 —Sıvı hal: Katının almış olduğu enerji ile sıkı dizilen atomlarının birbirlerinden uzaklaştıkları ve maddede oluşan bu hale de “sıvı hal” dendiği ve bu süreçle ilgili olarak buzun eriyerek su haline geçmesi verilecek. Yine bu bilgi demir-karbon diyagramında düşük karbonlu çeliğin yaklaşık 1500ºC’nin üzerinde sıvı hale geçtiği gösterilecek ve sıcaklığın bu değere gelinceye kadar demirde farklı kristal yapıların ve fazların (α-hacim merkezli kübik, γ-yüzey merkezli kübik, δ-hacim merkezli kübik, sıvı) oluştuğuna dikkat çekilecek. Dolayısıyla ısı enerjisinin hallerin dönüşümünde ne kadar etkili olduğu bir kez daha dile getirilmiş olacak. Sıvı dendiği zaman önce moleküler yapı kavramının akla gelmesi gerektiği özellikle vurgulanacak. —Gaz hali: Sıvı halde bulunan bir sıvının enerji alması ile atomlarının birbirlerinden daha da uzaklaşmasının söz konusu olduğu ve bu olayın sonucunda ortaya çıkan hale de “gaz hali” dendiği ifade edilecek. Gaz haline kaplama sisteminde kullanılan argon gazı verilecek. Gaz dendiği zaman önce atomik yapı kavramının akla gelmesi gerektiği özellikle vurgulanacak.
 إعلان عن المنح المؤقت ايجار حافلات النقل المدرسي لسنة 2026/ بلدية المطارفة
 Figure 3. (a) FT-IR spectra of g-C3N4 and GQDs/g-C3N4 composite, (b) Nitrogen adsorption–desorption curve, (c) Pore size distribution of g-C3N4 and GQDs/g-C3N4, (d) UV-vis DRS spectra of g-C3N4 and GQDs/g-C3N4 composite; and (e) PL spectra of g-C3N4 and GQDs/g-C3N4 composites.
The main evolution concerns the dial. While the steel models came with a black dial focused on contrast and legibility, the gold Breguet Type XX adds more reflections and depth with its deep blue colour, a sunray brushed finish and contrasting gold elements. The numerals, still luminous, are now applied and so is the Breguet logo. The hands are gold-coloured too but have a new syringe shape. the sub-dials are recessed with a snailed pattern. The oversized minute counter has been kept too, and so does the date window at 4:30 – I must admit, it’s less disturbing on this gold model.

YOUR INSTRUCTIONS:
Using the listing above, copy exactly the line that contains "إعلان عن المنح", the line that contains "Figure 3. (a)", and each line that falls between them.

EXERCISE OUTPUT:
 إعلان عن المنح المؤقت ايجار حافلات النقل المدرسي لسنة 2026/ بلدية المطارفة
 Figure 3. (a) FT-IR spectra of g-C3N4 and GQDs/g-C3N4 composite, (b) Nitrogen adsorption–desorption curve, (c) Pore size distribution of g-C3N4 and GQDs/g-C3N4, (d) UV-vis DRS spectra of g-C3N4 and GQDs/g-C3N4 composite; and (e) PL spectra of g-C3N4 and GQDs/g-C3N4 composites.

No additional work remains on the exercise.